In die Zeit der Endausarbeitung des Quartetts fällt Brahms´ Bekanntschaft mit Heinrich von Herzogenberg (29. Jänner 1874 in Leipzig). Vielleicht findet sich das „schlanke Frauenbild in blauem Samt und goldenem Haar“, das er bei dieser Gelegenheit wiedersah, in dem „neuen“ Andante (E-Dur) wieder? Das (heute verschollene) Autograph des Satzes hat Brahms jedenfalls wirklich Elisabeth von Herzogenberg zugedacht:

„Zur Versöhnung wollte ich das Andante aus meinem dritten Klavierquartett beilegen, das sich noch vorfand, und das Ihnen ja gefiel. Ob ich es aus Eitelkeit oder aus Zärtlichkeit aufbewahrt habe, weiß ich nicht.
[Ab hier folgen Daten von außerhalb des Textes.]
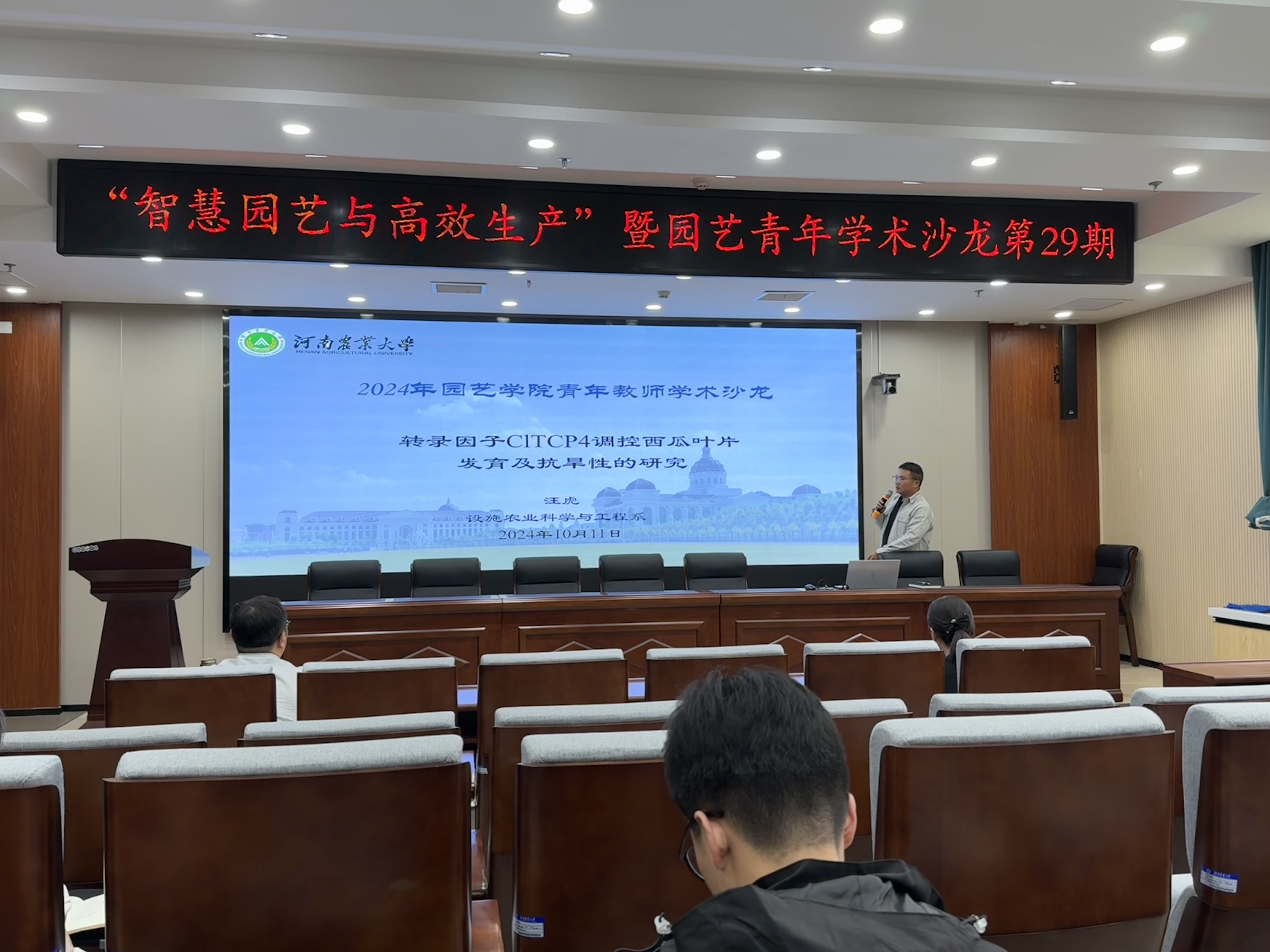 2024年10月11日下午, 2024年“园艺青年学术沙龙”(第29期)在龙子湖校区力行楼北209学术报告厅成功举办,青年教师郝鹏博、李翔、汪虎、苏会、蒋丽微分别作学术报告。报告会由科研秘书白团辉教授主持,各学科方向带头人、教师及研究生代表参加了本期学术沙龙。
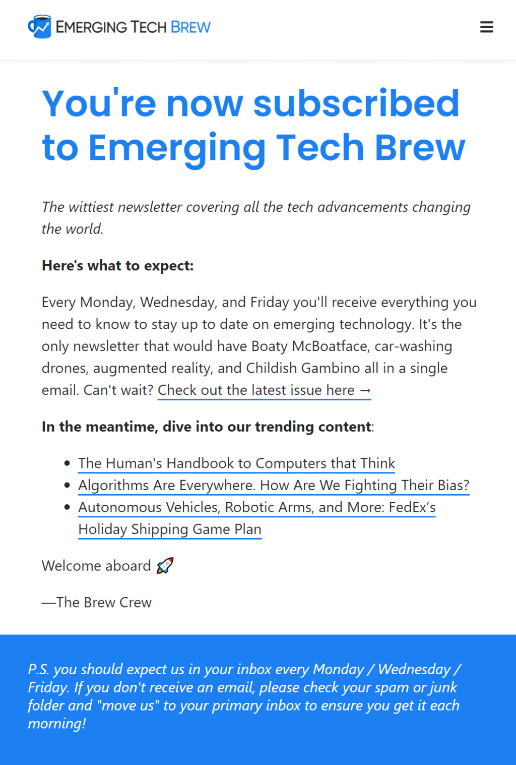 [참고] Emerging Tech Brew 환영 메일

Ich bringe es mit.“

(12. Dezember 1877)

Die wahrhaft überirdische Schönheit dieses Satzes ist schon für sich allein genommen berückend: vor dem Hintergrund der ihn umgebenden drei c-moll-Tragödien gewinnt diese Schönheit aber eine schmerzliche Intensität, die an die Grenzen des Menschen Erträglichen reicht.
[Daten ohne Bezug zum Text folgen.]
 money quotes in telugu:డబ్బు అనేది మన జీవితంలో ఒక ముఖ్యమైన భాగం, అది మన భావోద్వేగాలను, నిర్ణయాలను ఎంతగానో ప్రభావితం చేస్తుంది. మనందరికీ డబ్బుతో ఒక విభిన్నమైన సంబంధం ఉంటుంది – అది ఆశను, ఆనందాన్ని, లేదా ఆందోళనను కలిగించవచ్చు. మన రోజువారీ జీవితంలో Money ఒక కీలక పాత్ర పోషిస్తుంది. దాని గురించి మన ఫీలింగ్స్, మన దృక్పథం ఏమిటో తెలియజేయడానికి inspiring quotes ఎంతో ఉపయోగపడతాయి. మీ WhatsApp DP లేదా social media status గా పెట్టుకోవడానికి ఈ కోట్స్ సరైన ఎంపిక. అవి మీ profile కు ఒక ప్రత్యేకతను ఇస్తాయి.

Der Schlußsatz (Finale. Allegro comodo), von dem Max Kalbeck mit hochachtungsvollem Bedauern feststellt, hier trete die Individualität des Schöpfers doch allzusehr zurück, gehört zu den erschütterndsten und  eindrucksvollsten „Verweigerungen“ der Musikgeschichte. Man stelle sich nur den Bruchteil eines Augenblickes lang einen kräftigen, gesunden oder auch nur schlicht normalen Finalsatz an seiner Stelle vor, um zu begreifen, wie unausweichlich das Werk auf diesen „nachkomponierten“ Schluß hin angelegt ist. Beethoven, der (in einer völlig anderen dramaturgischen Situation und mit wesentlich anderen Mitteln) das Finale eines seiner Klaviertrios (c-moll, op. 1 Nr. 3) ähnlich „scheitern“ läßt, hatte noch die Wahl – ein artistisch freies und spielerisches Element ist jenem Satz über alle Kompromißlosigkeit hinweg noch anzuhören. Hier aber ist die Freiheit einem inneren Zwang geopfert, der dem oberflächlich ironischen Bezug zu Werther einen erschreckend weitreichenden Sinn gibt. Nur der gedankenlosen Dur-Moll-Routine des Musikführer-Unwesens ist es zuzuschreiben, daß irgend jemand im C-Dur- Schluß des Werkes den erlösenden Frieden einer wirklichen Befreiung zu spüren und zu hören vermeinte. Und wer glaubt, den „hymnischen“ Ton des dritten Themas mit dem Finale der (zeitlich benachbarten) ersten Symphonie in Zusammenhang bringen zu können, wofür sich durchaus gestische und tonartliche Argumente finden ließen, möge auch bedenken, daß nicht überall, wo Hymnen angestimmt werden, eine Auferstehung zu feiern ist.